Mía sollozó bajito por el dolor que punzaba en su ojo, pero haciendo fuerza de toda su resquebrajada voluntad, decidió ponerse en pie y arreglar su pulcra sala, no dejar ni un solo rastro de aquella pesadilla, que esos eventos quedaran allá, en el pasado, era lo mejor para todos, porque sí, Jeremías la amaba con locura, solo que a veces se descontrolaba, solo que a veces lo celos le ganaban, solo que a veces su protección se le escapaba de las manos, pero él la amaba, y mucho.

Una vez terminada la faena se limpió a ella misma, tomó una larga y relajante ducha que arrastraba bien lejos aquella sangre reseca, aquel dolor de su alma.
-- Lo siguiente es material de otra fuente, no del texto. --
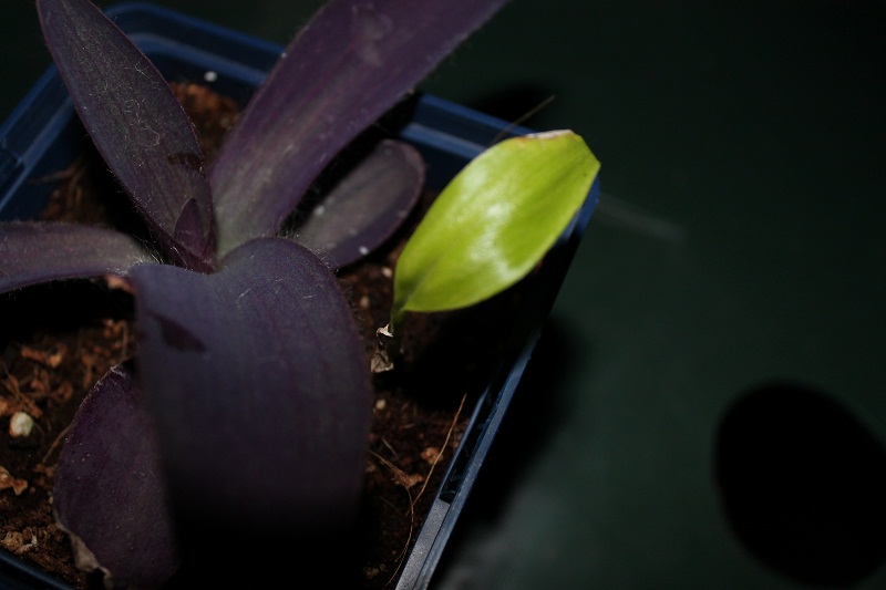 en heb de zaailing bij een stek geduwd van een tradescantia pallida purpurea.

Salió del baño, se colocó su mejor vestido, para luego maquillar hasta la última parte de su rostro, ocultando con maestría esas marcas que él detestaba ver, que se negaba a contemplar porque la culpa lo comía, lo sacaba de su eje, lo volvía a llevar a ese espacio donde no razonaba con facilidad, donde todo se resolvía con violencia. No, mejor ahorrarle aquello y tapar todo, borrar cuanta evidencia existiera.

En cuanto la puerta se abrió, pudo verlo cargando ese hermoso ramo de flores, pudo contemplar esa mirada cargada de su culpa, esos finitos labios apretándose con dolor.

—Perdón, amor —susurró con dolor mientras extendía el ramo hacia su mujer —. No quiero hacerte daño, en serio que no — juró acercándose a ella.

—Son muy bonitas —respondió aceptando aquel ramillete que desprendía ese aroma tan dulce, casi como la miel, casi como una mañana de primavera.

—Te amo, bonita —murmuró bien bajito, como si temiera que ella escapase ante su presencia —, te amo tanto que cuando el Negro me dijo que te había visto con esa calza puesta vi todo rojo. Es que no entendés que en el barrio todos te tienen ganas, que sos tan, pero tan linda, que no hay tipo que no quiera estar con vos. 

—No soy tan linda —respondió con timidez, con sus ojitos clavados en las flores, acomodándose un mechoncito de cabello tras la oreja mientras una boba sonrisa se abría paso en sus labios.